If there ever was an instance where the ends of justice required an exception to the application of the doctrine of res judicata, this *424is one. It is peculiarly the duty of courts of equity to enforce and supervise trusts. The testator died in the belief that the spendthrift beneficiary could not obtain control of the property while the trust existed. The spendthrift beneficiary in this instance, with the approval of the district court, has defeated the very terms of the trust and then the district court has used its own dereliction of duty as ground for holding that the trust was terminated by the conduct of the spendthrift beneficiary before the date fixed in the will for the end of the trust estate.

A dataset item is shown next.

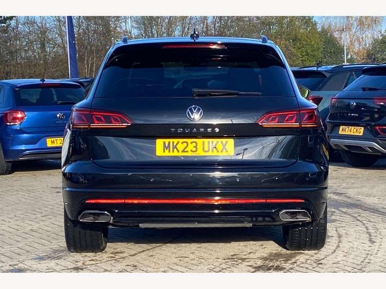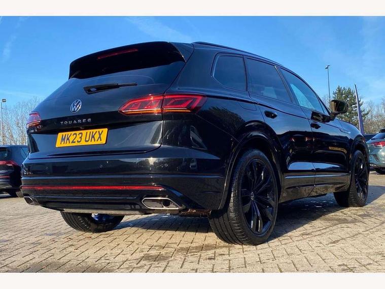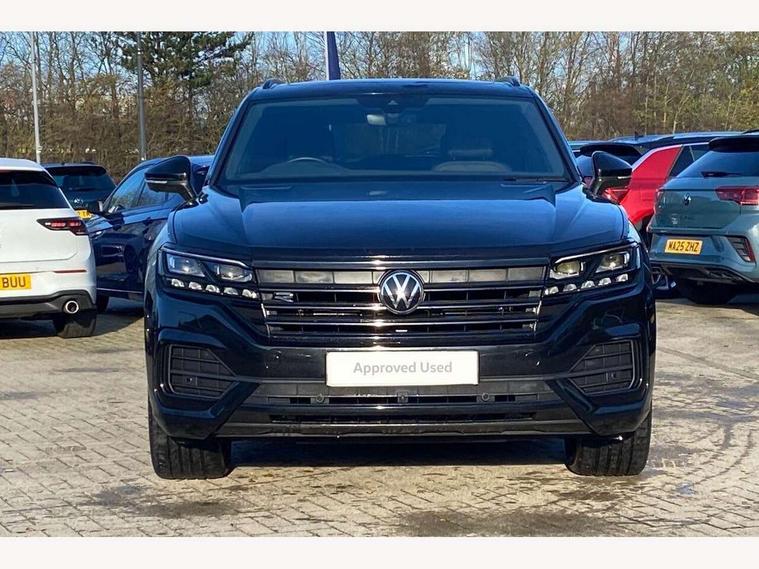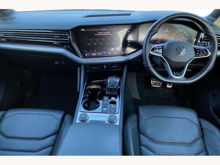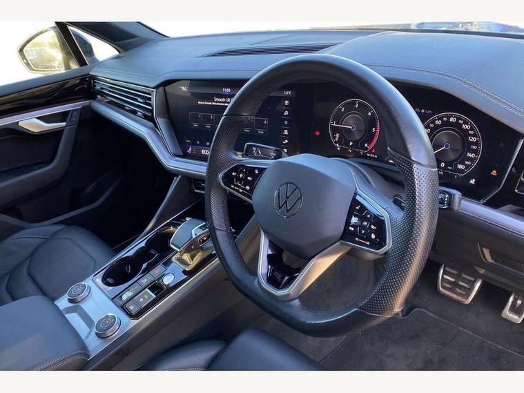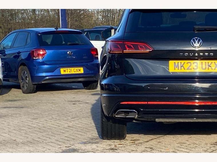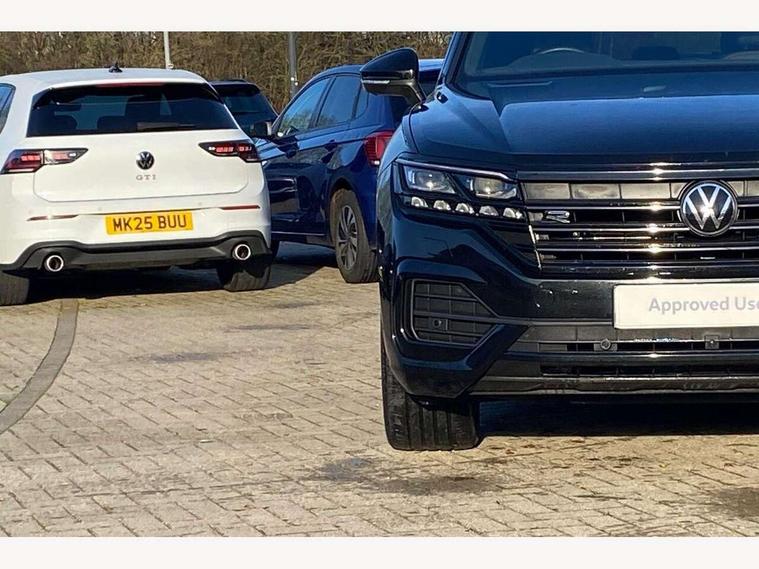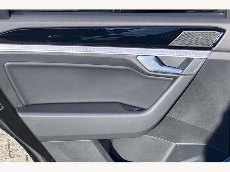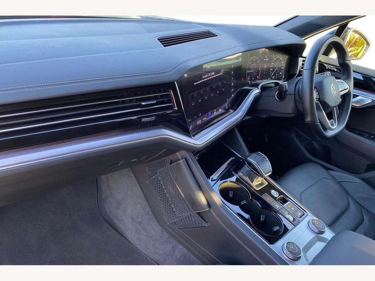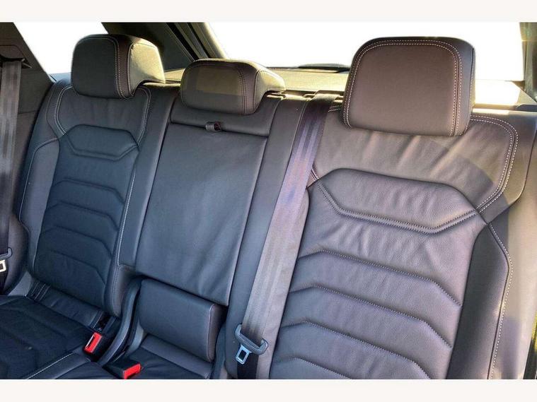 2D/3D map view, ACC - Adaptive cruise control with front assist, forward collision warning, distance monitoring, city emergency brake and speed limiter, Apple car play/Android Auto, Audible and visual fatigue detection system, Bluetooth hands free telephone connection, Car information display, Drive select with Damper control, Driver alert system, Driver profile selection, Dynamic road sign display camera controlled system with visual warning for traffic and road signs, eCall emergency system, Fully electric tailgate + keyless entry and start, Instrument cluster, MirrorLink, Multifunction camera, Multifunction computer premium with 7" colour display, One touch indicators with repeat function, Service interval indicator, Speed sensitive power steering, Start/stop system with regenerative braking, Tailgate power latch, Think blue trainer driver tips and journey analysis, Traffic sign recognition, Voice control system, Wireless Smartphone charger, 24 litre AdBlue tank, Torsen limited slip differential, DAB Digital radio, Dynamic navigation based on TMC+, Gesture control for infotainment system, Multi device interface (MDI) with illuminated USB-C connection, Music playback - MP3, WMA and AAC files, SD card slot, Simultaneous pairing of 2 compatible mobile devices, SMS functionality - read, compose and send SMS messages using touch-screen display, Title and cover art display, Volkswagen media control, Adaptive low beam for urban and motorway use, Auto dimming rear view mirror, Automatic coming/leaving home lighting function, Automatic headlights, Black anodised roof rails, Black door mirrors, Black rear diffuser, Black side window surrounds, Black upper and lower grille louvres extending into headlights and radiator grille, Body colour door handles, Body coloured wheel arches, C signature gloss black front air intake, Chromed tailpipe on the left and right integrated in the bumper with trapezoid design, Dusk sensor, Dynamic headlight range control, Electric front tilt/slide panoramic sunroof and fixed rear sunroof, Electrically power adjustable, heated, folding, auto dimming, front passenger exterior door mirror lowering function, Front and rear electric windows, Galvanised body, Gloss black finish B pillar, Gloss black rear diffuser, Headlight washers, Heat insulating darkened glass in side and rear windows, Heated windscreen washer jets, IQ.Light-LED matrix headlight, daytime running light with dynamic cornering light and indicator, LED 3rd brake light, LED rear fog light, LED rear number plate lights, Plastic scuff plates in door apertures, Poor weather light, Puddle lights, Rain sensor, Rear side wing doors, Rear wiper, 12V socket in front and rear centre console and boot, 2 Coat hooks on B pillar, 3 rear head restraints, 3 seat bench in 2nd row, 3 spoke sport heated leather multi-function sports steering wheel with gear shift paddles - generation 2, 4 way adjustable front head restraints, 4 way electric lumbar support for driver and front passenger, 4 zone climate control, 40:20:40 split folding slide/recline rear seat, B pillar vents, Black lower edge of door extending sills, Branded points of interest, Double sun visor for drivier and passenger with LED illuminated vanity mirrors, Electric luggage compartment cover, Folding rear centre armrest with 2 cupholders, Front + rear carpet mats, Front centre armrest with storage box, Gear shift indicator, Height/reach adjust steering wheel, Illuminated air conditioned glovebox, Isofix preparation for 2 rear child seats, Jack and tool kit, Leather trimmed gear knob with gloss black inlay/aluminum trim, Leatherette door trim, LED luggage compartment lighting, Load through provision, Luggage compartment with load lashing rings, Plastic loading edge protection, Rear seat remote release levers, Single front passenger seat, Soul black headlining, Stainless steel pedals, Innovision cockpit pack - Touareg, 3 point front seatbelts with pre-tensioners, ABS, Active bonnet, Automatic post collision braking system, Curtain airbags, Driver/Front Passenger airbags, EBD + Brake Assist, EDL, Electronic parking brake with auto hold, ESC with ASR, Front seat side impact airbags, Hill descent control, Hill start assist, Passenger airbag deactivate switch, Seatbelt warning lamp and buzzer, Three 3 point rear seatbelts, Two tone horn, Volkswagen roadside assistance, Warning triangle and first aid kit, Alarm with interior monitoring in cab, backup horn and towing protection, Child security locks for front and rear doors, Electronic engine immobiliser, Remote central locking, Black decorative trims on the side windows, High gloss black centre console,

In this action the plaintiff offers to do equity. Highbargin has been offered back his original loan, plus interest, upon his accounting for the rents and profits received. This is clearly equitable. He is entitled to no more. He will not be injured by such treatment. The decision of the majority in this case is recognition in principle of spendthrift trusts but denial in practice. Application of the doctrine of res judicata was never intended to effect such an injustice.
Judgments have been denied the force of res judicata where they were obtained by collusion or fraud. There are enough circumstances in this case to warrant the inference that the judgment relied on was the result of collusion. The trust estate was not represented by a disinterested person. Highbargin was not an innocent purchaser for value but was cognizant of all the facts and circumstances tending to make his judgment invalid. The district court was fully aware of the prior action of the same court in violating the intent and purpose of the spendthrift trust. When the district court previously appointed the spendthrift beneficiary as trustee, it is evident to me that there was collusion, and the subsequent judgment against the trustee was but the culmination of the collusive arrangement countenanced and furthered by the action of the district court.
The action of the spendthrift beneficiary is not to be commended, and, if it were the protection of his interests alone which is involved here, I would not be dismayed by the result. But the creator of the trust is not here and has not been able for some time to defend the trust. Courts of equity are charged with the solemn duty to protect such testamentary trusts and carry them out. Instead of that, we have had here clear violations of the terms and principles of the trust by the-court in the interest of one who had full knowledge of all the facts and circumstances, and one who, if he did not enter the collusive agreement to destroy the trust, at least furthered it by his actions. Under the circumstances, I cannot consent that *425such an arrangement should be given effect by a very rigid and inequitable application of the doctrine of res judicata. Such an application defeats the ends of justice. I, therefore, respectfully dissent.
Harvey, C. J., concurs in the foregoing dissent.